Pull Test Study of the MFL-A Performance Within Casings to Improve ILI-Based Corrosion Management of Cased Pipes

Abstract

Abstract High resolution magnetic flux leakage (MFL) in-line inspection (ILI) technology has proven to be one of the most effective approaches to manage corrosion anomalies within the pipeline industry. However, due to the presence of extra metal, pipeline casings are suspected of impacting the detection and sizing accuracy of MFL systems for metal loss features when they are located under casings. A research project was carried out by TC Energy (TCE) with ROSEN to better understand the effect of pipeline casings on the performance of axially-aligned MFL ILI (MFL-A) technology.
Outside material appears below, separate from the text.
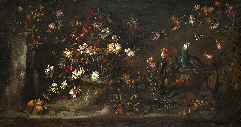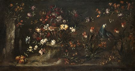 Maestro del secolo XVIIVaso fiorito in un paesaggio con volatile e...

The study involved full-scale pull through testing to investigate the effects of various casing conditions and the presence of different types of casing spacers on the inspection system’s sizing and detection performance for corrosion anomalies, including the casing eccentricity, the presence of metallic and electrolytic shorting, and the presence of different types of casing spacers. The testing for various eccentricity and shorting scenarios were compared to an uncased baseline scenario. An important lesson learned by the project team through this research is the importance of identifying key factors that influence the system performance when analyzing the testing results. Failure in doing so can lead to less meaningful results: in this case, an overly conservative estimate of the sizing performance that does not discriminate appropriately where the system performed well and where the system performed worse than expected. The impact of such a broad-brushing and overly conservative estimate in the MFL system performance to pipeline integrity decisions is very significant and can result in a large number of unnecessary repairs in practice. With comprehensive data analytics, it was identified that the key factors affecting the tool performance for cased pipes are the small annulus gaps between the casing and the carrier pipe at the feature location, and the presence of certain types of spacers. For the vast majority of cases, the ILI performance under casings is comparable to the performance for uncased pipes. The results from this research suggests that with appropriate consideration of the system performance, TCE’s probabilistic ILI based corrosion management program can effectively manage corrosion anomalies within cased pipes using ILI. Additional research and testing are underway to further support this conclusion.